GoMeasure3Dのスキャンから検査までのワークフローにはいくつかのステップが必要ですが、直感的な位置合わせとスキャンからCADへの変換ツール (使い慣れるまで少々練習が必要ですが) を使用すれば、ワークフローは「非常に簡単」になる可能性があるとポール氏は言います。

結局、彼と彼の同僚は、危険なレベルの防潮堤の偏差を発見することはありませんでしたが、それが他の場所でどのように使用できるかを実証しました。実際、彼らのワークフローは、検査や 品質管理およびメンテナンスのための正確で詳細なデータをキャプチャするのに理想的であると考えられています。これには、産業製造、鉱業、航空宇宙などのさまざまな用途が含まれます。
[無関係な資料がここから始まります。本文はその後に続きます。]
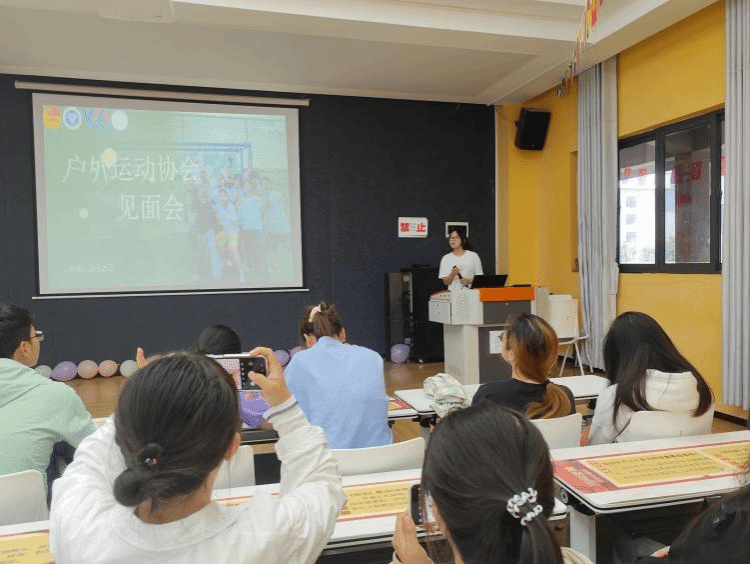 下午两点半,见面会正式开始。社长张滢丹首先对户外运动协会进行详细介绍。她提到,户外运动协会是一个致力于推广和普及户外运动,提升同学们身体素质和团队协作能力的社团。协会自成立以来定期组织徒步、飞盘、攀岩等丰富多彩的户外活动,其目的是希望让更多的同学走出教室,享受运动带来的快乐与健康,在提升社员户外运动技能和安全意识的同时,为他们提供一个释放压力、放松心情的机会。

「このワークフローではCADデータは必要ないので、他の多くの土木工学のアプリケーションと相関関係があります」とポール氏は結論付けました。「原子力分野や、コンクリート構造物の健全性をチェックし、長期にわたって監視する必要があるその他の分野では、この技術に対する需要が非常に高まっています。したがって、これらの一見単純なようですが実は非常に複雑な検査には巨大な市場があるのです」

「10~20ミクロンレベルの精度を求める方もいれば、1インチ未満であれば気にしない方もいますが、タービンブレードから防潮堤まで、あらゆるものの検査にはそれと同じ原則が当てはまります」

アート氏は、最終的にこのプロジェクトは、メンテナンスの安全性と効率性を高めるツールとしての最新スキャンの「驚異的能力」を実証していると述べています。また、彼はリッチモンドの防潮堤の維持管理におけるこの技術の重要性を強調するだけでなく、このプロジェクトは複数の業界に応用できるツールとしての可能性を浮き彫りにしていると言います。